Предшествующее обсуждение, как мы надеемся, ясно и недвусмысленно показало, какие вопросы и какие точки зрения важны для ответа на них. С самого начала стало очевидно, что противопоставление восприятия и предмета развивается из восприятия и уже в нем, что первое содержит в себе компоненты, которые оно непосредственно и инстинктивно не приписывает предмету, как думает обычная рефлексия, а обозначает как свои эффекты на эмпирическое «я». И далее выяснилось, что там, где перцептивные отношения описываются как ошибочные или сомнительные, обнаруживается дальнейшее различие между сознанием и предметом. Таким образом, мы имеем совершенно непосредственно в восприятии эти три точки зрения: Таким образом, мы обнаружили подготовленными совершенно непосредственно в восприятии три точки зрения: отношение восприятия к его предмету, отношение к восприятию как предмету, и отношение восприятия к сознанию (его рассмотрение как простого фактора сознания). И наоборот, однако, было показано, что если мы с самого начала исходим из последней точки зрения, то мы не только вводим в двусмысленность все понятие предмета, но и обрываем отсюда мост к изложению восприятия.
Значит, восприятие должно быть отправной точкой! Таков вывод, который, как мне кажется, должен быть сделан из всего этого. Для анализа восприятия сам Кант проделал ценнейшую предварительную работу, которой обычная эмпирика до сих пор уделяет мало внимания.
Только тогда, когда мы проделаем эту работу, только тогда, а не раньше, необходимо обратиться к вопросу, поставленному в самом начале Кантом и, вслед за ним, Мессером: На чем основывается отношение нашего понятия к предмету? Здесь придется решить и другой вопрос: действительно ли пространство, время, причинность возникают как идеи лишь на основе чувственных впечатлений, эпигенетически.

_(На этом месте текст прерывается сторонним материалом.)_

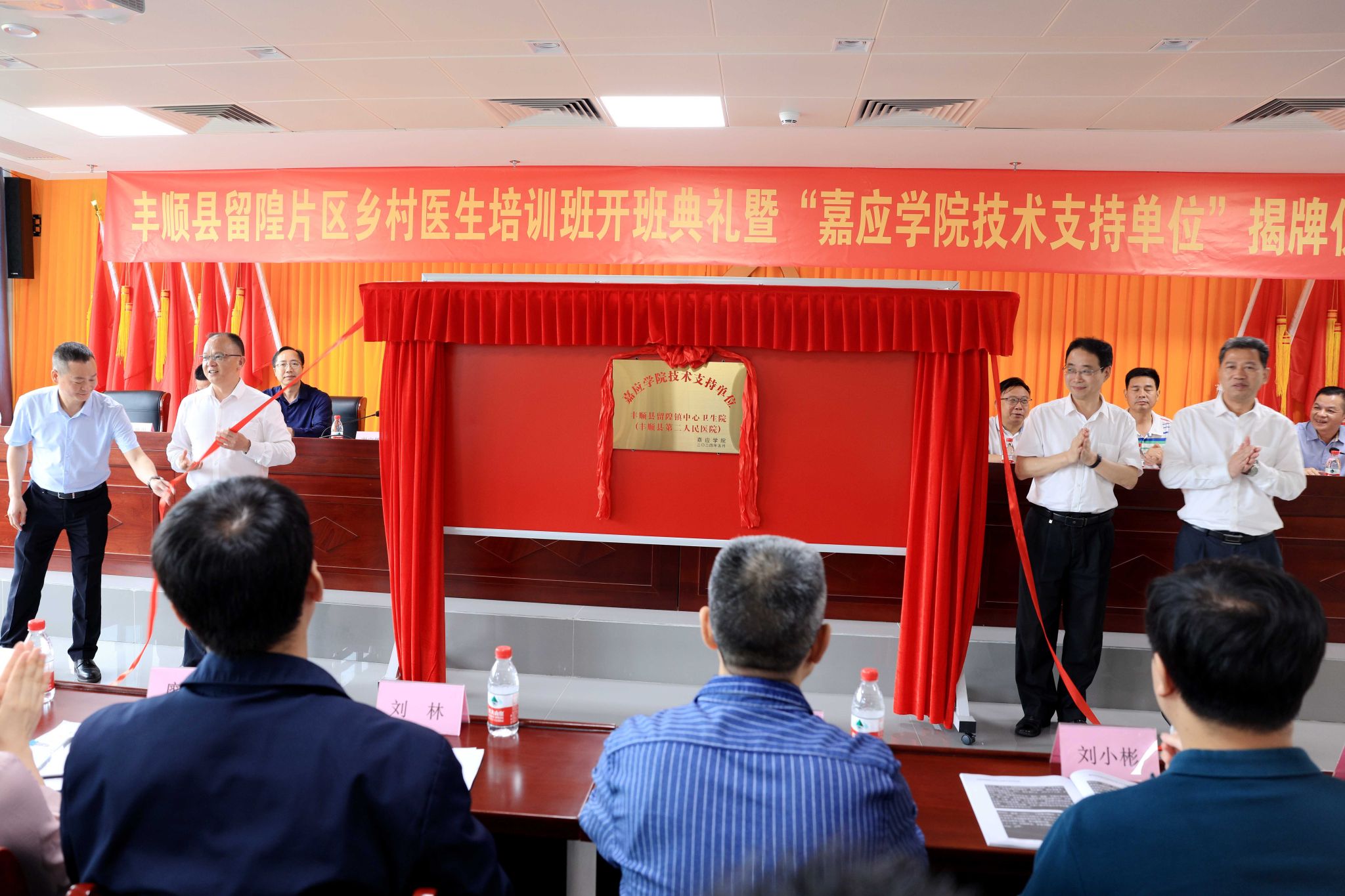 陈文海校长一行到丰顺县第二人民医院出席乡村医生培训班开班典礼暨“嘉应学院技术支持单位”揭牌仪式。他指出,乡村医生是农村基层医疗卫生服务的重要力量,承担着保障农民健康、预防疾病的重要职责。学校将充分发挥医学院学科专业优势,扎实推进乡村医生培训工作。他强调,一要突出实效。充分发挥学校在医学教育、科研和临床方面的优势,立足地方实际需求,为乡村医生培训班提供全方位的支持和服务。二要深化合作。选派骨干力量参与技术支持工作,提升医院的综合服务水平。三要强化保障。按照“县域所需、高校所能”原则,持续推进人才下沉、科技下沉、服务下沉,推进“双百行动”项目落地。同时,希望丰顺县和留隍镇在政策、资源、资金、条件等方面加大保障力度,共同推动合作项目落实落细,实现校地融合发展。

Но как бы ни был решен этот вопрос, следует подчеркнуть, что вопрос о значении этих идей не должен быть поставлен в зависимость от него. Если бы на этот вопрос был дан ответ в смысле Канта, то его вопрос о том, как субъективные условия видения и мышления могут иметь объективное значение, конечно, возник бы заново. Но тогда вопрос был бы определен гораздо точнее. Теперь мы знаем, что означает слово «объективный» с точки зрения восприятия, и больше не можем отделаться дедукцией из трансцендентального единства апперцепции. Скорее, мы должны спросить в каждом случае, как утверждения, которые имеют место с точки зрения этого трансцендентального единства, связаны с неразрывным притязанием на достоверность восприятия.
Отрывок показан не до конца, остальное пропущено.